In [None]:
import os
import re
import pandas as pd
import statsmodels.api as sm
import statsmodels.formula.api as smf
import matplotlib.pyplot as plt

## Future plan

I'm going to generate new data that is better for time series analysis. Rather than randomly set usage and see the temperatures, I'm going to get the CPU to max temp while logging, then let it cool down to minimum temp while logging. This data should give a good estimate of how much temperature cases dissipate. For example, a case without a top may drop 1C per second when in cooldown.

I am not sure that I'll use ARIMA. It may not be necessary here.

Below is just some code I've been using to observe data collection schemes.

In [None]:
raw_files = [x for x in os.listdir("./data") if re.match(r"^timeseries_break_1111010011_m80_w60_i600_d60.csv$", x)]

raw_files

raw = pd.concat([pd.read_csv(f"./data/{x}").assign(filename=x) for x in raw_files])

raw

def dummify_filename(filename):
    # The filenames have an underscore
    # Split on _ and keep the second half
    code = filename.split("_")[1]
    # The string will still have .csv at the end
    # Split on . and keep the first half
    code = filename.split(".")[0]
    # Get rid of non-digit characters
    code = re.sub(r"\D", "", code)
    # Break the code into a list of 0/1 integers
    flags = [int(x) for x in list(code)]
    # List the dummy labels
    keys = ["case_under",
            "case_frame",
            "case_cable",
            "case_gpio",
            "top_solid",
            "top_holed",
            "top_intake",
            "top_exhaust",
            "heatsink_main",
            "heatsink_sub"
           ]
    # Output into a dictionary, which pandas can transform into a dataframe
    values = {k:v for k,v in zip(keys, flags)}
    values["filename"] = filename
    return values

# Only get unique filenames
# Feed them into the dummify function
flags = pd.DataFrame([dummify_filename(x) for x in raw.filename.drop_duplicates()])

flags

# The .join() method joins on indexes
df_flagged = raw.merge(flags, on = "filename")

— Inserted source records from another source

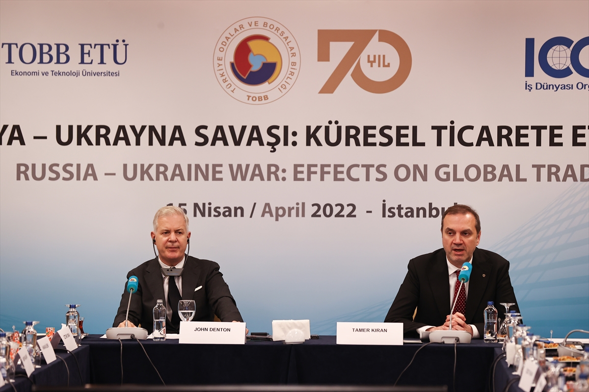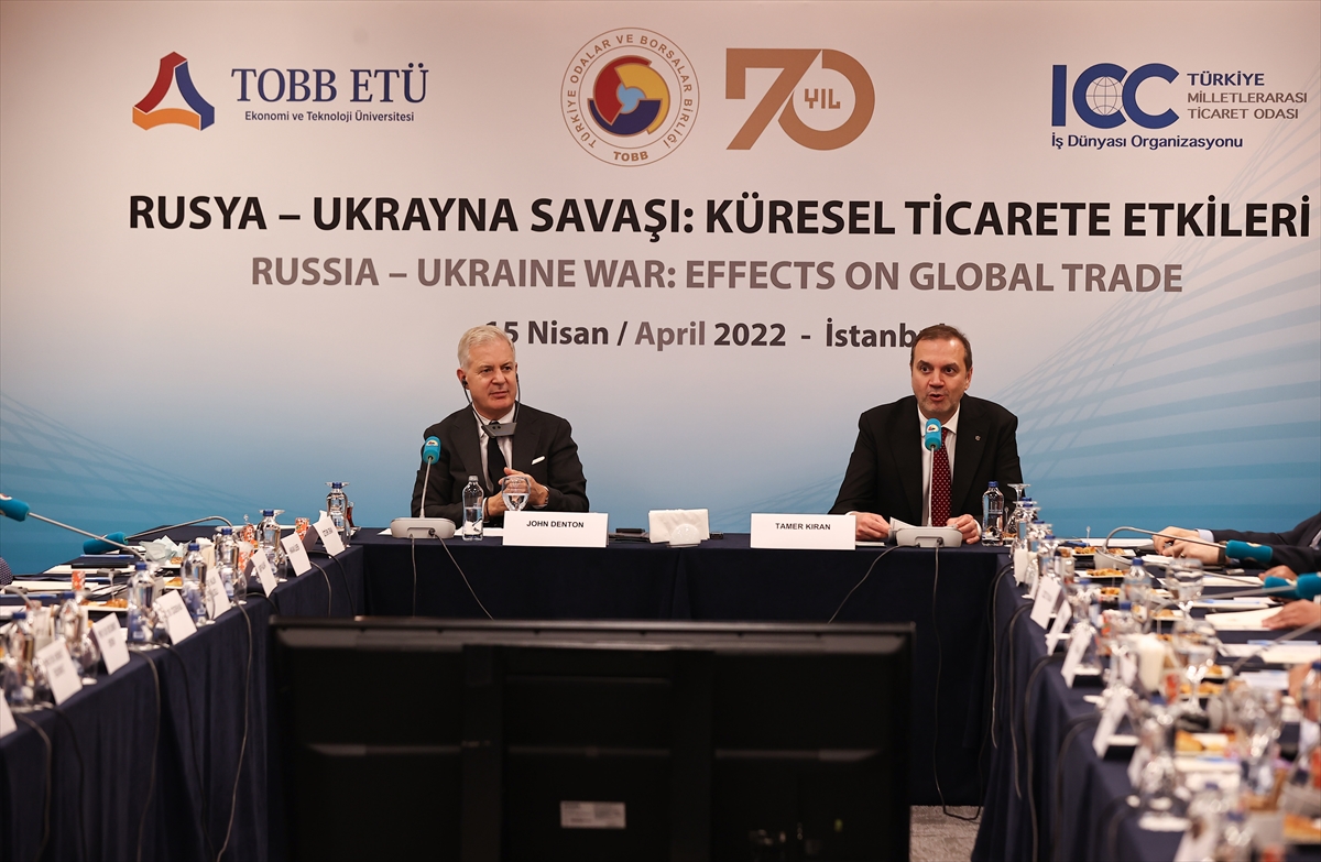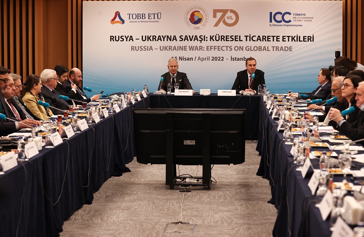 Türkiye Odalar ve Borsalar Birliği (TOBB), Milletlerarası Ticaret Odası (ICC) Türkiye Milli Komitesi ve TOBB Ekonomi ve Teknoloji Üniversitesi (TOBB-ETÜ) iş birliğinde "Rusya-Ukrayna Savaşı: Küresel Ticarete Etkileri" konulu yuvarlak masa toplantısı TOBB İstanbul Hizmet Binası'nda gerçekleştirildi.
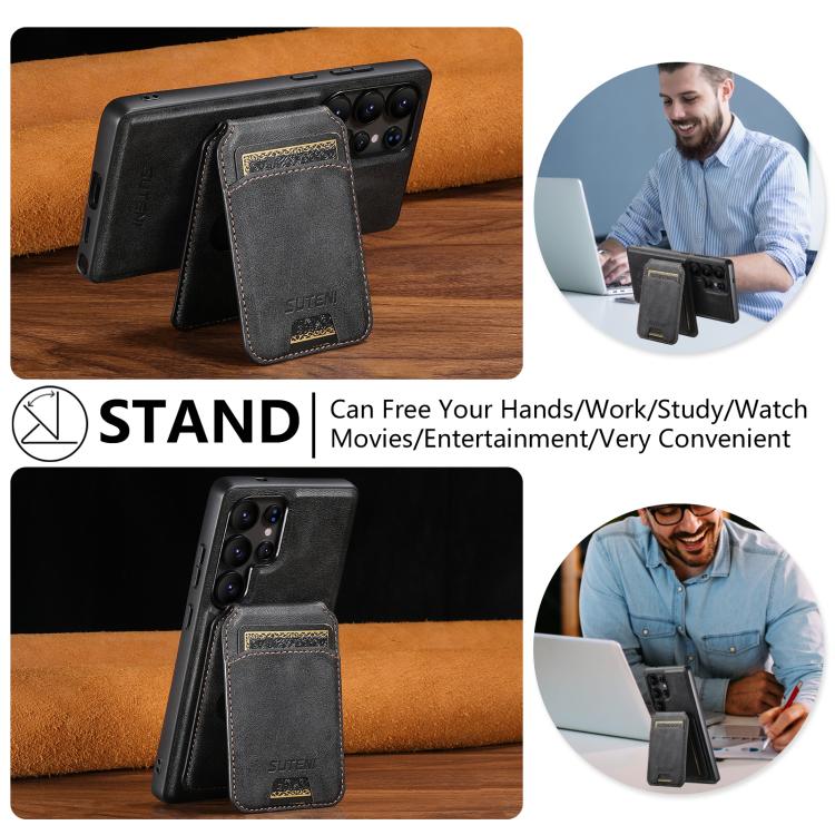 For Samsung Galaxy S25 Ultra 5G Suteni M5 Magnetic Card Bag MagSafe Leather Phone Case(Black)
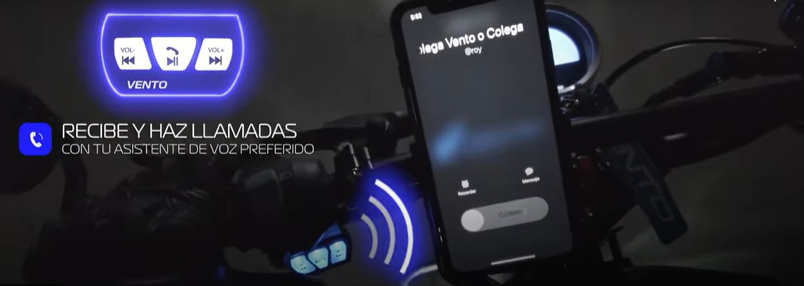 Las motocicletas Vento 2023 y 2024 incorporan el innovador Centro de Comando, diseñado para ofrecer un control absoluto de la conectividad sin soltar el manillar. Este sistema permite gestionar la música, responder llamadas y activar asistentes de voz con facilidad, garantizando una experiencia más intuitiva y segura. Además, funciona como el enlace principal con la nueva gama de cascos VenTec.
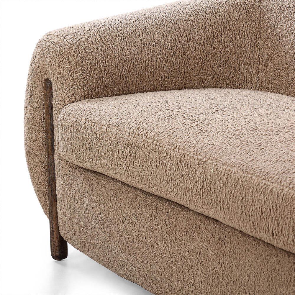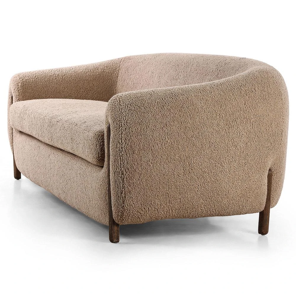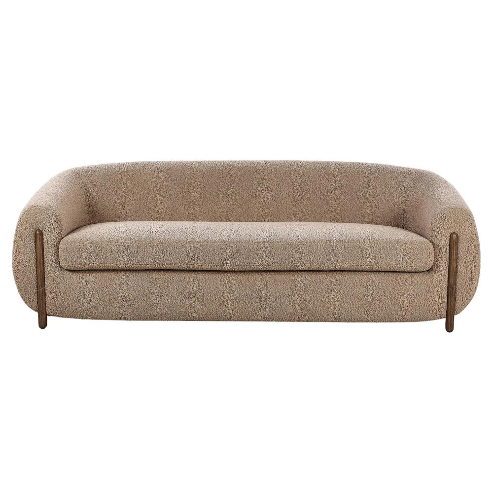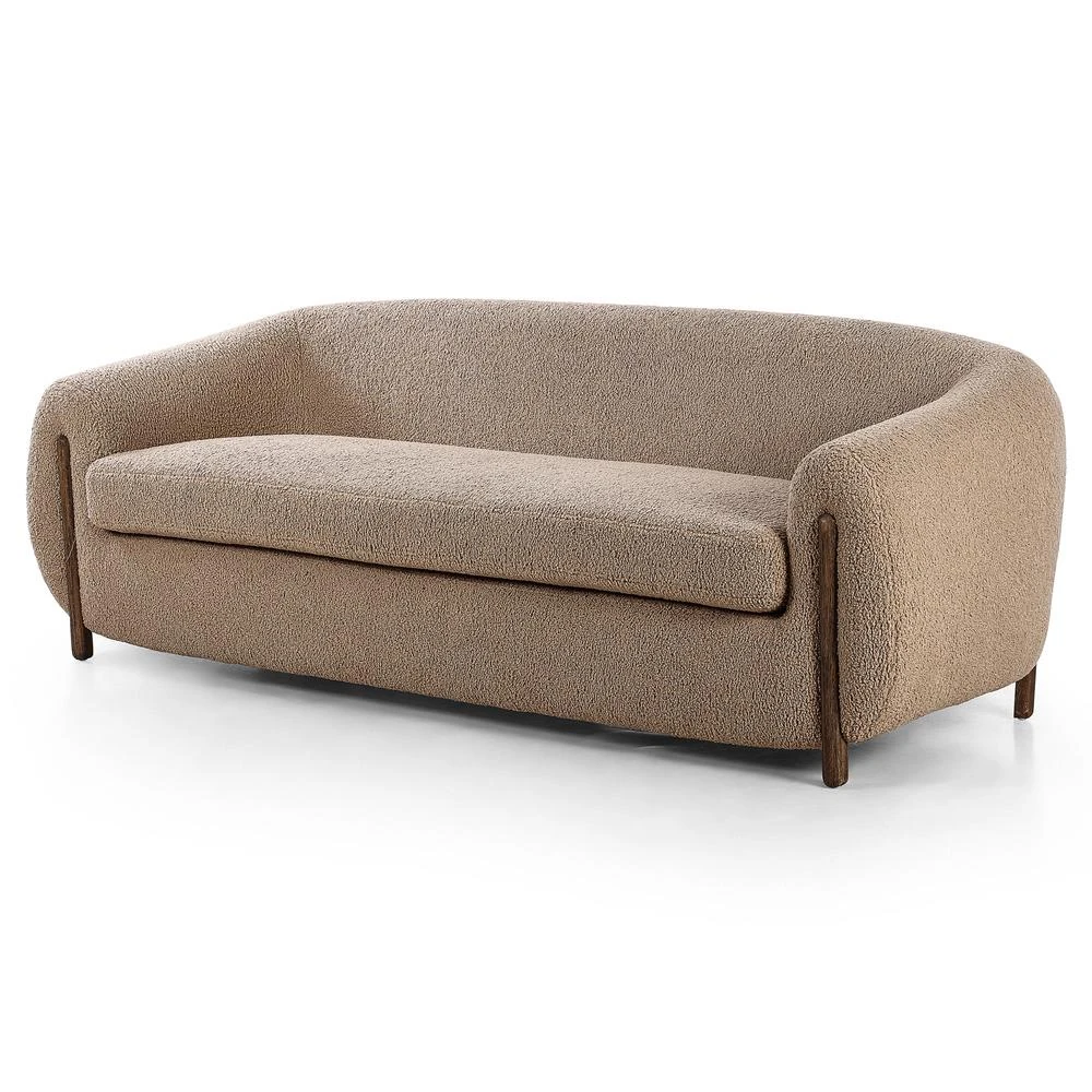 Riley Mid Century Modern Light Brown Upholstered Natural Wood Sofa - 86.5"W
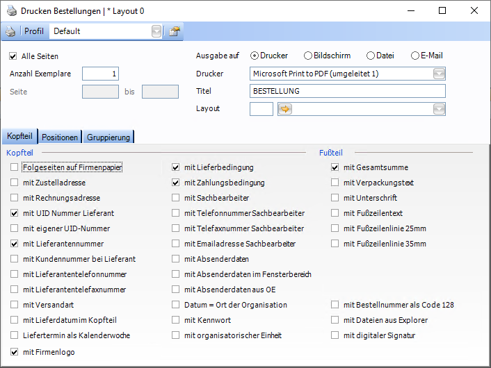 Zusätzlich öffnet sich das Druckdialogfenster für die erstellte Bestellung. Hieraus kann die Bestellung für die eigene OE gleich gedruckt bzw. per E-Mail an die liefernde OE gesendet werden.
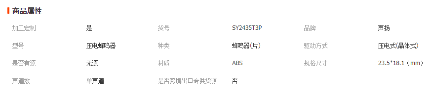 本网页所展示的有关【2435T3P压电式无源插针蜂鸣器烟雾报警器专用 三脚支架三极蜂鸣器_蜂鸣器_深圳市声扬电子有限公司】的信息/图片/参数等由全球零部件网的会员【深圳市声扬电子有限公司】提供,由全球零部件网会员【深圳市声扬电子有限公司】自行对信息/图片/参数等的真实性、准确性和合法性负责,本平台(本网站)仅提供展示服务,请谨慎交易,因交易而产生的法律关系及法律纠纷由您自行协商解决,本平台(本网站)对此不承担任何责任。您在本网页可以浏览【2435T3P压电式无源插针蜂鸣器烟雾报警器专用 三脚支架三极蜂鸣器_蜂鸣器_深圳市声扬电子有限公司】有关的信息/图片/价格等及提供【2435T3P压电式无源插针蜂鸣器烟雾报警器专用 三脚支架三极蜂鸣器_蜂鸣器_深圳市声扬电子有限公司】的商家公司简介、江南(中国)等信息。
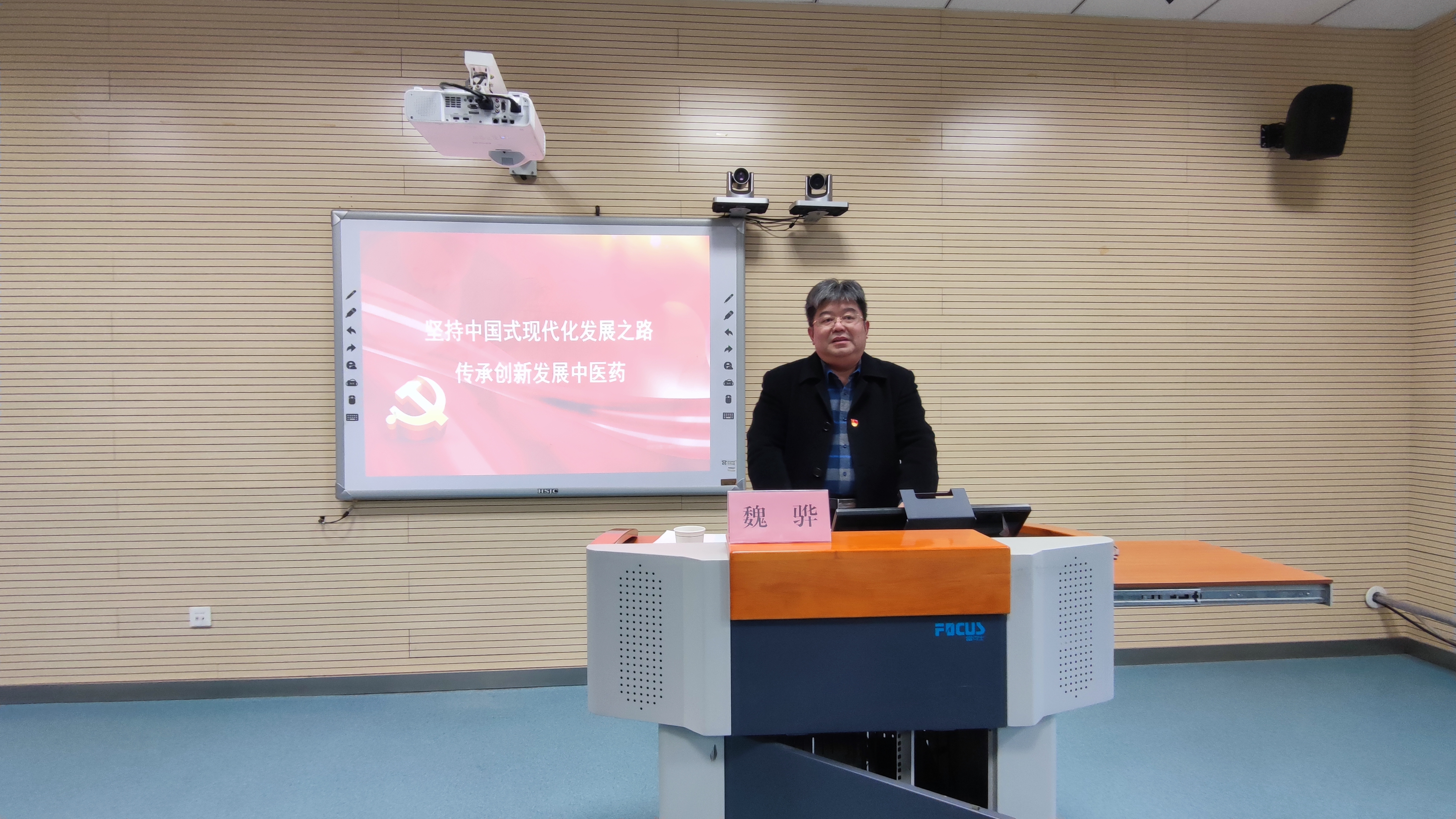 魏骅以《坚持中国式现代化发展之路,传承创新发展中医药》为题,从党的二十大报告的内容、“六个必须坚持”及传承创新发展中医药三大方面具体展开。
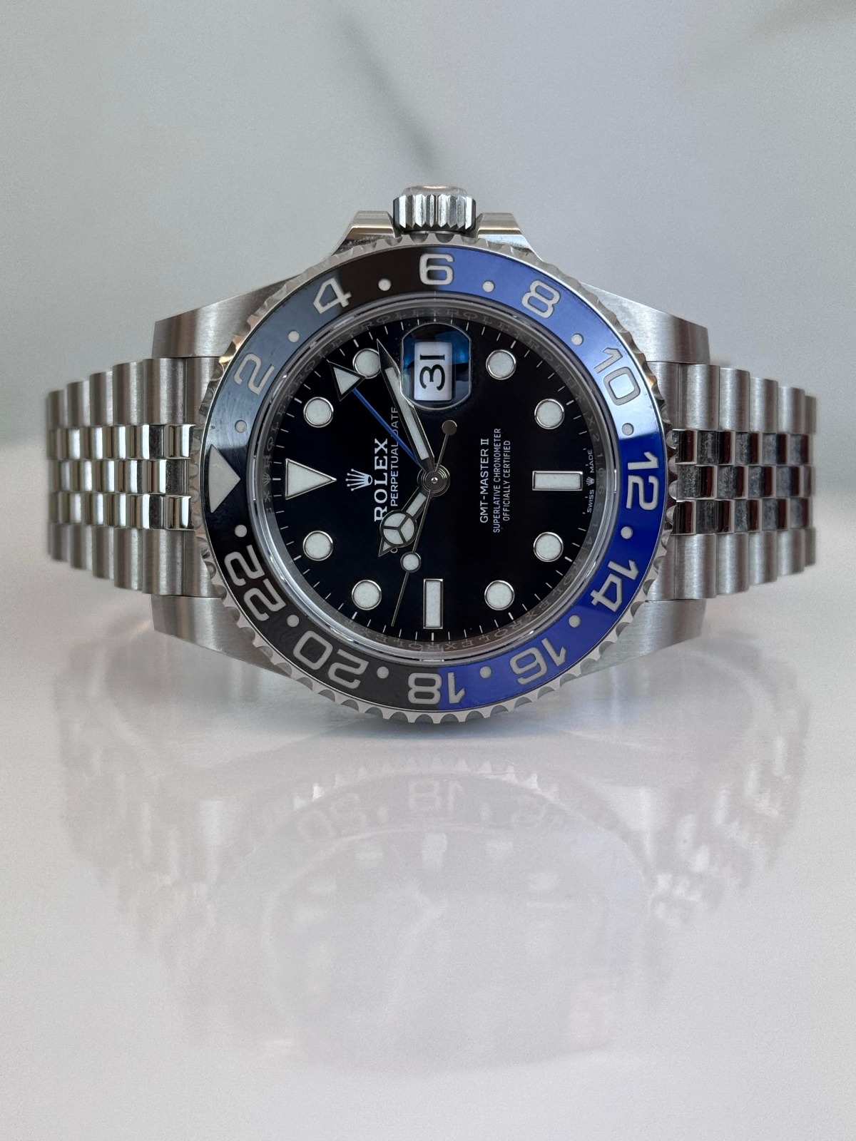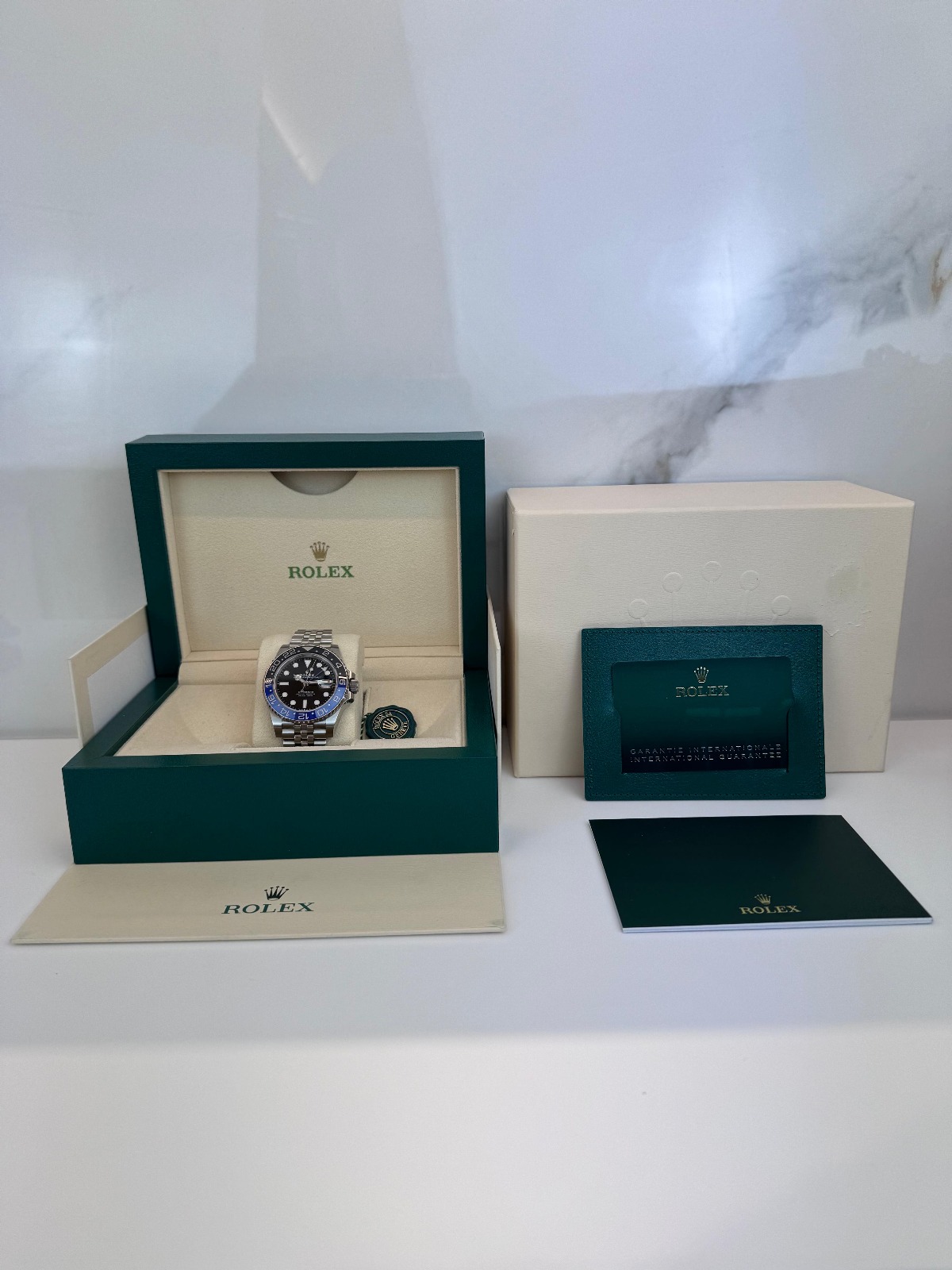 Marca Rolex Modello (Orologio) GMT-Master II Numero di referenza 126710BLNR Carica Automatico Materiale della cassa Acciaio Materiale cinturino Acciaio Anno di produzione 2022 pari al nuovo documenti originali, box originale Carica Automatico Materiale della cassa Acciaio Diametro 40 mm Impermeabile 10 ATM Materiale lunetta Ceramica Vetro Vetro zaffiro Quadrante Nero Numeri sul quadrante Senza numeri Cinturino Materiale cinturino Acciaio Colore cinturino Acciaio Chiusura Déployante Materiale chiusura Acciaio Funzioni Data

# .drop() the filename, with axis=1 for columns
df_flagged = df_flagged.drop("filename", axis=1)

df_flagged

df_dt = df_flagged

# Convert the datetime column to a datetime dtype
# This works fine since the datetime is already in a standard format
df_dt["datetime"] = pd.to_datetime(df_dt["datetime"])
df_dt["datetime"] = pd.DatetimeIndex(df_dt["datetime"]).round("s")

# Set datetime as the index
df_dt = df_dt.set_index("datetime")

df_dt

In [None]:
plt.plot(df_dt.index, df_dt.temp)
plt.show()

### Make case_under and case_frame mandatory

It's unrealistic to model the frame and the bottom of the case. It's unlikely that you would forego these in real-life. What you're really interested in is whether you have to take off the side panel or which direction to have the fan in.

In [None]:
# Get rid of obs without case_under and case_frame
# We can then assume they're always there
df_filtered = df

df_filtered = (
    df_filtered
    .loc[lambda df: df.case_under == 1]
    .loc[lambda df: df.case_frame == 1]
    .drop(["case_under", "case_frame"], axis = 1)
)

df_filtered